# Chinese or ??? symbols what are they?



## Homesteader (Jul 13, 2002)

I see them at the very top of my screen now and again. They actually "cover up" the "close it" button on the tab. Very annoying, what are they?


----------



## Nevada (Sep 9, 2004)

Not sure what you are referring to. Can you do a screen capture and post it? If you don't know how to do that then download WMSnap to help you.

http://www.mirwoj.opus.chelm.pl/winfreeware/files/MWSnap300.exe


----------



## Homesteader (Jul 13, 2002)

Nevada, I took a photograph:



These appear more on HT but I think I saw them while I was on Ebay too, but they weren't up at the top......

What is that link you offered? I am really computer illiterate.......


----------



## bigjon (Oct 2, 2013)

I've seen them here too


----------



## Homesteader (Jul 13, 2002)

By the way, I am not the only member here who gets these.......


----------



## Shrek (May 1, 2002)

It could be Asian site crossover interference related to IP servers serving multiple markets or browser choice or some machine code related display glitch as some mah jong symbols have been included into machine code symbols as code requirements have increased over the years.
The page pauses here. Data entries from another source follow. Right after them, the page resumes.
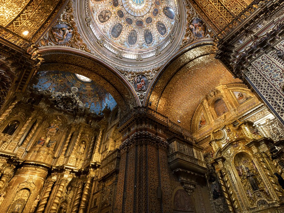 Après le petit-déjeuner, vous rencontrerez un guide local et embarquerez pour une visite privée à pied du centre colonial de Quito, afin de comprendre pourquoi il est inscrit au patrimoine mondial de l’UNESCO. Admirez les sculptures de pierre complexes de l’église baroque La Compañía et promenez-vous dans les cloîtres de l’Iglesia San Francisco du XVIe siècle. Terminez votre visite du centre historique par une promenade dans La Ronda, ancien sentier précolombien, aujourd’hui rue piétonne romantique remplie de cafés, de salles de concert et de boutiques éclectiques.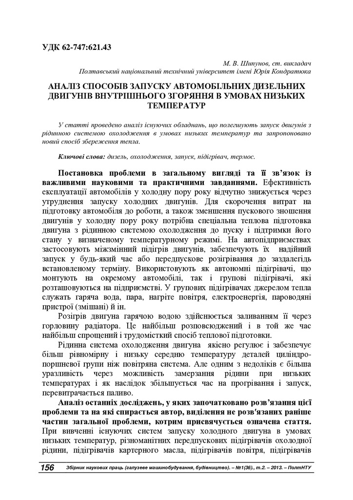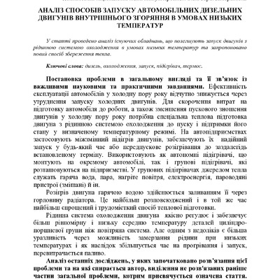 Аналіз способів запуску автомобільних дизельних двигунів внутрішнього згоряння в умовах низьких температур
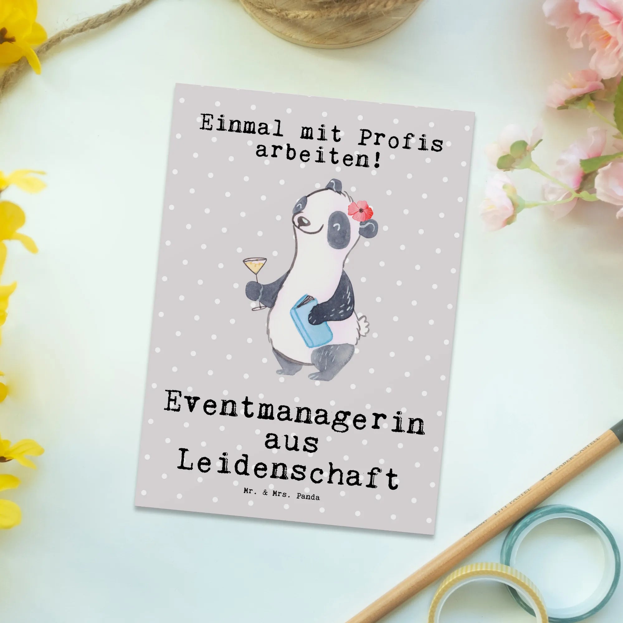 Postkarte „Eventmanagerin aus Leidenschaft“ – liebevoll gezeichnet von Mr. & Mrs. Panda.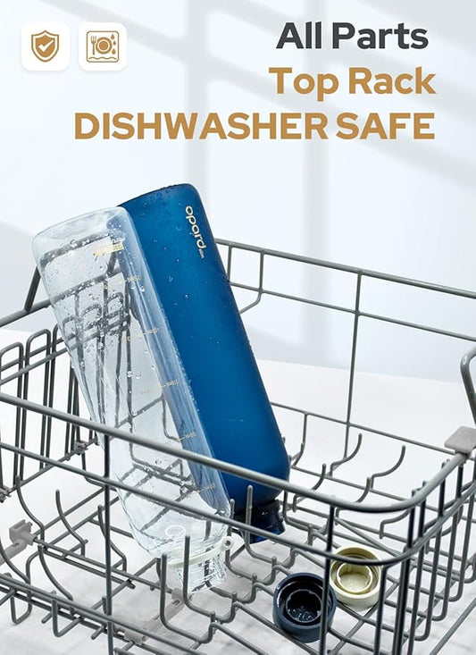 Opard Slim Water Bottle 32oz, Dishwasher Safe Plastic Water Bottle BPA-Free, Leakproof Screw Top, Clear Cream, Reusable for Travel School Sport Gym Hiking

Folks using Firefox or Google Chrome browsers seem to see that type of character overlay more than folks using other browsers.


----------



## Nevada (Sep 9, 2004)

I believe that's an add-on problem specific to Firefox. To fix the problem you should remove or disable the RealPlayer Browser Record plugin. With Firefox open, go to:

Tools --> Add-ons --> Plugins

You should see it in there.


----------



## Homesteader (Jul 13, 2002)

Thanks all!


----------